У леди Фемиды, той, что с весами, завязаны глаза. Лютеру объясняли: это символ идеального безразличия правосудия к тому, кто ты есть: мужчина или женщина, богатый или бедный, черный или белый, индус или япошка. Не символическим, а реальным фактом было, однако, то, что правосудие уделяло максимум внимания именно тому, кто ты есть – оно жульничало, оно подсматривало – потому что ему требовалось точно знать, чей это ослик Иа-Иа, которому требуется пришпилить хвост. Пеннеру это представлялось правильным. То, кто ты есть, следовало учитывать. Только смотреть надо было не сверху, а изнутри. Характер следовало учитывать, ум, талант. А внешность вовсе не обязательно. И уж точно не богатство, происхождение, национальность или цвет кожи. И даже здоровье. Завязанные глаза леди, если по-честному, должны были означать то, что реально происходит: правосудие явится незаметно, неожиданно, воздаст тебе по заслугам, выставит на обозрение и только его и видели.
И наконец Лютер натянул на лицо самую смиренную мину, облачился в рубище кающегося грешника (так он самоуничижительно писал мне, выражая мнение уже взрослого человека) и украдкой пробрался в кабинет директора Мак-Тмина, дабы признаться в том, что те мальчики его побили, потому как он не хотел участвовать… точнее, способствовать… их плану, а собирались они выкрасть билеты для годовых экзаменов, запомнить или переписать вопросы и возвратить их незаметно, откуда взяли. Лютер намекнул, что шайка уже произвела пробные набеги, чтобы определить свои шансы на удачу. Несмотря на то что он сыграл свою роль (по мнению Лютера Пеннера) просто блестяще и заслуживал шквала аплодисментов, директор Мак-Пикуль проявил скепсис, видимо, чуя, что его обводят вокруг пальца. Однако следы чернил на пальцах Сифа, на рубашке Киба и под ногтями Ларри послужили убедительным признаком виновности, как только он на всякий случай приступил к расследованию. Улики были если и не налицо, то на кончиках пальцев.
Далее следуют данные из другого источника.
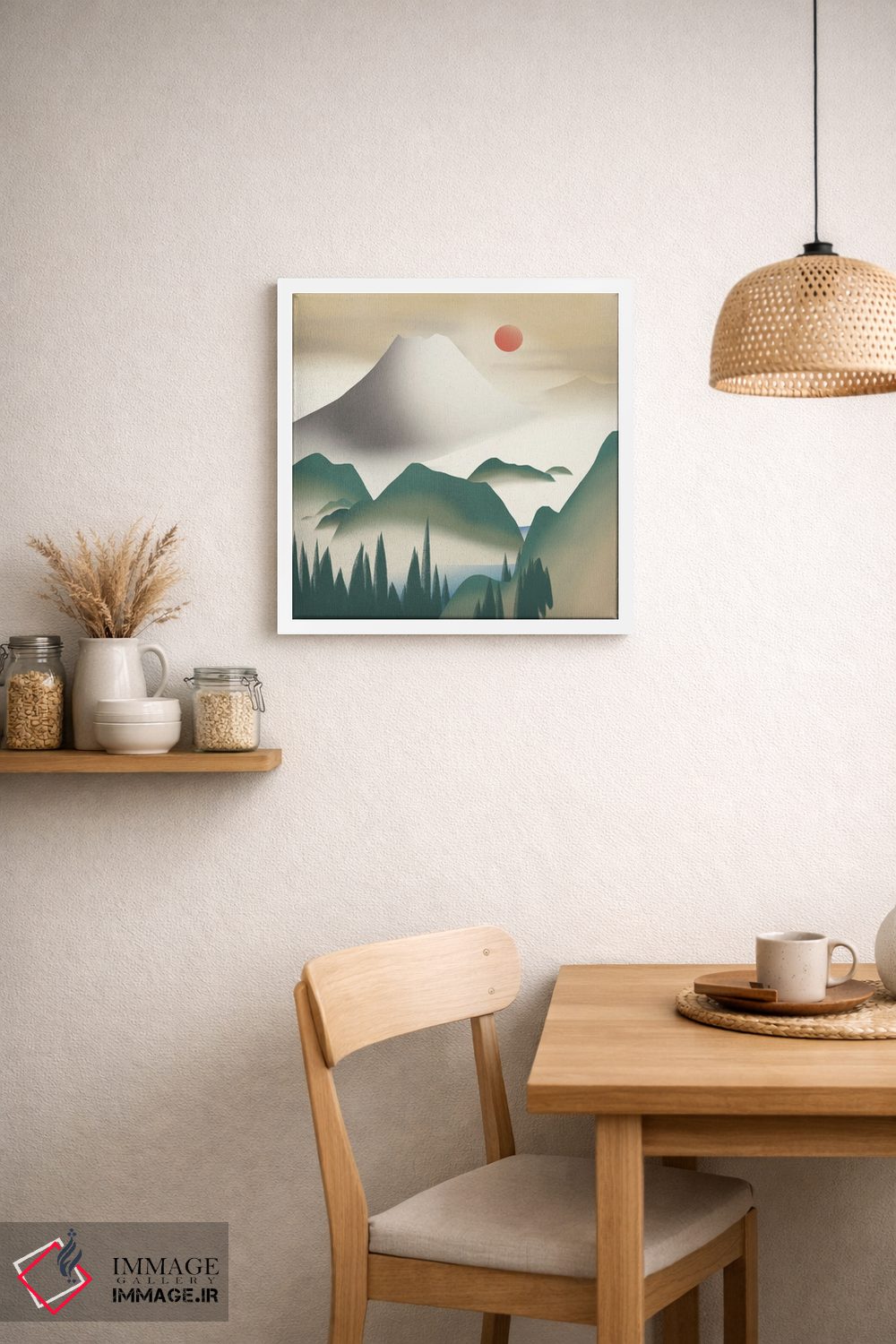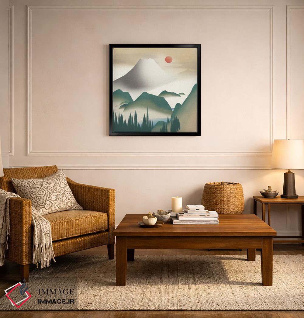براساس پالت سرد اثر، قاب بلوط روشن (چوبی) پیشنهاد اول است و استخوانی ملایم مکمل. برای سفارشهای پروژهای با ابعاد و قابهای اختصاصی با ایماژ در تماس باشید.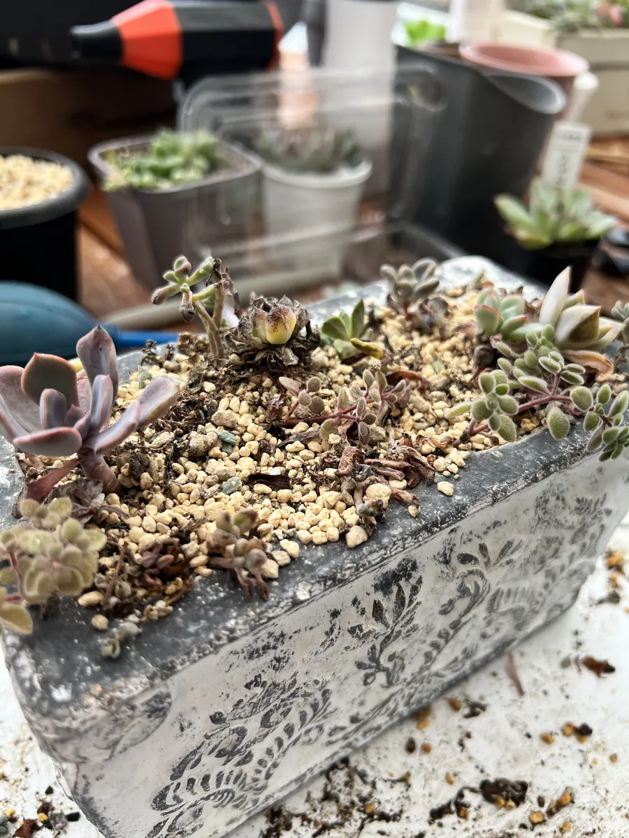 トップ > グリーン > 多肉植物・サボテン > モルタル鉢のお直し♡ さくら♡ 2025/10/13 09:52 モルタル鉢のお直し♡ 年季の入った、大好きなモルタルプランターも猛暑で酷いことに💦 お直し前!全部抜いて、土を足してチマチマ。 黄色のセダムを入れると引き締まりますね😊 いいね 共有する 共有する X LINE リンクをコピー コメントする 2 件の返信 (新着順) ミュートしたユーザーの投稿です。 投稿を表示 yuco 2025/10/13 18:34 よみがえりましたね〜💕 とってもかわいい😍 いいね 返信する ミュートしたユーザーの投稿です。 投稿を表示 さくら♡ 2025/10/13 18:44 yuco ありがとうございます😊 もうね、ヒドいことになってましたよ笑🤣 いいね 返信する ミュートしたユーザーの投稿です。 投稿を表示 28`sガーデン 2025/10/13 10:35 素敵ですね〜 うちにもかつては綺麗だった多肉ちゃんがいます。 ちゃんと植え直してあげたいです。 いいね 返信する ミュートしたユーザーの投稿です。 投稿を表示 さくら♡ 2025/10/13 11:21 28`sガーデン もう、焼け野原がたくさんあり過ぎて どれから手を付けたらいいのやら笑🤣 いいね 返信する ミュートしたユーザーの投稿です。 投稿を表示 はっちゃん 2025/10/14 10:03 さくら♡ 素敵 いいね 返信する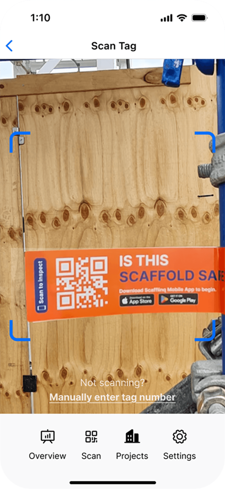 Anyone can scan to view scaffold status and last inspection details.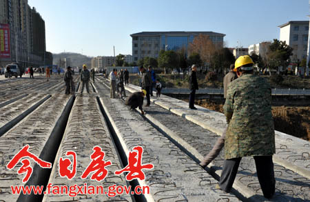 今日房县网讯 记者 吴宏强 通讯员 王东 报道: 13日下午,记者在唐城大桥施工现场看到,继该桥顺利实现半幅通车后,工程建设者加班加点施工,截至目前,唐城大桥桥梁全幅梁板吊装工作已经全部完工,建设者们正对桥梁梁板绞缝进行钢筋布装,河道的清淤治理工作也正稳步实施。记者现场了解到,春节前唐城大桥将全幅具备通车条件。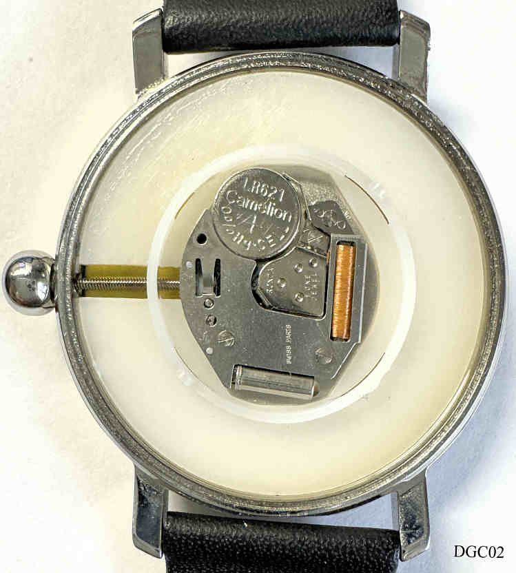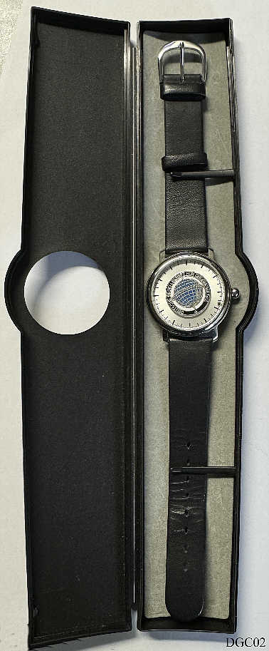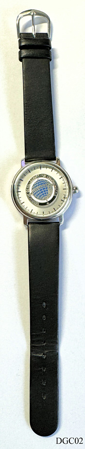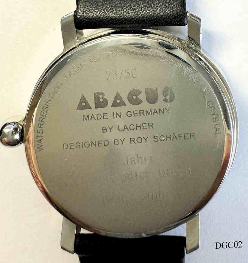 Die Deutsche Gesellschaft fr Chronometrie (DGC) wurde als Verein 1949 gegrndet und wurde 1960 neu strukturiert aus der “Gesellschaft fr Zeitmesskunde und Uhrentechnik“ von 1926 und dem Arbeitskreis ”Freunde alter Uhren” von 1960. Diese Uhr wurde 2010 zum 50. Jubilum mit 50 Stck heraus gegeben. Es ist eine Einzeiger Uhr mit einer Kugel statt dem Zeiger. Die Kugel wird durch einen Magneten in Positon gehalten. Beschriftet vorn: ”Deutsche Gesellschaft fr Chronometrie”, hinten: ”Abacus, Made in Germany, By Lacher, Designerd by Roy Schfer, 25/ 50, 50 Jahre Freunde alter Uhren, 1960 - 2010, Mineral Crystal, 3 ATM, All Stainless Steel”, Schwarzes Lederband. Die passende Herrenuhr ist hier

А между тем Пеннер попросту окунул горсть мраморных шариков в водорастворимые чернила «Квинк», тогда весьма популярные, и уложил их для пущего соблазна в прозрачный кулечек, так что троица преследователей немедленно их возжелала и отняла у него; далее оставалось лишь выждать, когда шарики пометят воров и обеспечат им заслуженную награду. Наказание заключалось в отстранении от занятий на некоторый срок, чему троица могла бы лишь порадоваться, если бы не бурная реакция родителей. Впоследствии Мастер не особо гордился этим отмщением, поскольку организовано оно было поспешно и со многими ошибками, однако он понимал, что успех операции был обусловлен точным расчетом, во-первых, на предсказуемую лживость троицы, во-вторых, на склонности директора Мак-Пикуля вершить скорый суд и расправу и, наконец, в-третьих, на недоверии того же Тмина ко всем мальчишкам, включая и Пеннера, выработанном за двадцать лет профессиональной деятельности. Но план Лютера был подкреплен обстоятельствами, которых он даже не учитывал: а именно, тем, что то самое помещение плохо запиралось, и замысел, выдуманный Лютером, вполне мог быть осуществлен, что делало выдумку более достоверной; кроме того, троица кретинов неоднократно упражнялась в остроумии на тему: «как было бы хорошо каким-нибудь чудом добыть вопросики» (что, собственно, и послужило «зародышем» лютеровского плана), и потому им не удалось с должной решительностью все отрицать. Они действительно хотели добыть вопросы и сами помнили об этом. Они действительно строили планы, пусть только воображаемые, и об этом тоже помнили. В глубине души они понимали, что виновны.